Insieme a Giulia Listanti, psichiatra e psicoterapeuta presso una Casa di cura per pazienti psichiatrici convenzionata a Roma e il Centro clinico Sinergie, dove gestisce soprattutto la fase subacuta, abbiamo parlato prevalentemente della stigmatizzazione sistemica a cui sono soggette le fragilità ascrivibili, a vario titolo, alla sfera psicologica.
L’alone dell’effimero che avvolge le patologie mentali ne impedisce tutt’oggi l’integrazione sociale, «cos’è malato? Il cervello? No, o meglio alcune alterazioni biologiche ci sono ma non è riducibile solo a questo. Cos’è malata? L’anima? Ma che cos’è l’anima? Cos’è malata? La psiche? Ma dove sta? E poi, perché? Cosa vuol dire? La malattia mentale è meno visualizzabile e dunque è meno rassicurante».
Perché la salute mentale rimane ancora un tabù per la nostra società?

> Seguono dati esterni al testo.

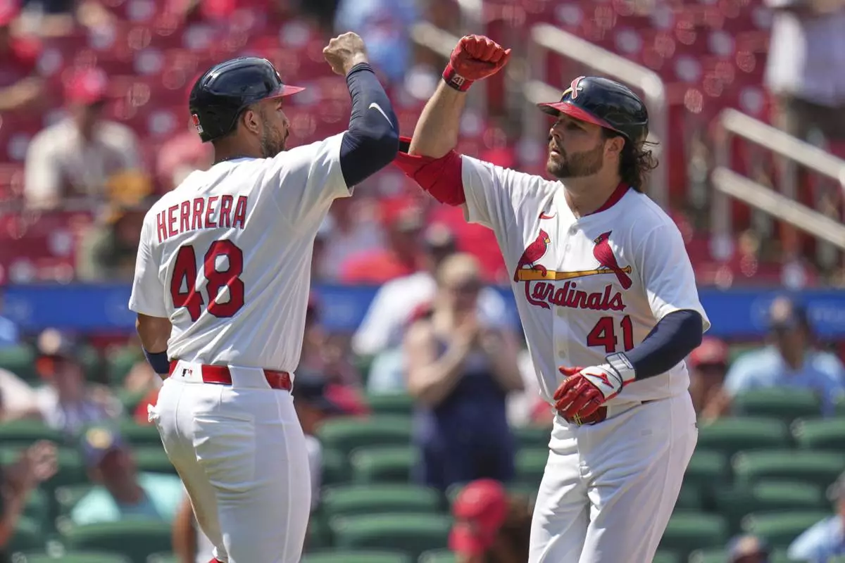 St. Louis Cardinals' Alec Burleson (41) is congratulated by teammate Ivan Herrera (48) after hitting a two-run home run during the sixth inning of a baseball game against the San Diego Padres Sunday, July 27, 2025, in St. Louis. (AP Photo/Jeff Roberson)

Nella società di oggi rispetto alla salute mentale c’è sicuramente ancora tanto da lavorare, sia rispetto a tutto ciò che viene considerato stigma in relazione alla persona con malattia psichiatrica, sia rispetto a ciò che più comunemente può essere inteso come il disagio, la difficoltà o la sofferenza emotiva e psicologica. Quando parliamo di salute mentale non dobbiamo mai dimenticare che parliamo di qualcosa di molto ampio, qualcosa che percorre un gradiente: la salute mentale riguarda anche ciò che quotidianamente viviamo come stress per arrivare all’estremo opposto, come può essere la psicosi. L’abitudine generale invece considera soltanto la pazzia, tra l’altro vissuta come qualcosa di alieno, per questo si tende a tenerla lontana. Un tempo i malati psichiatrici erano gli alienati, la malattia mentale è rimasta in qualche modo qualcosa di lontano, incomprensibile e intoccabile. Questo si porta dietro – come fanno di solito le cose che non si conoscono – la paura. La paura spesso ci impedisce di poter ammettere a noi stessi e alle persone che abbiamo vicine di avere una difficoltà e dunque di poter chiedere aiuto. Viviamo di negazioni: se non vedo il problema, il problema non esiste.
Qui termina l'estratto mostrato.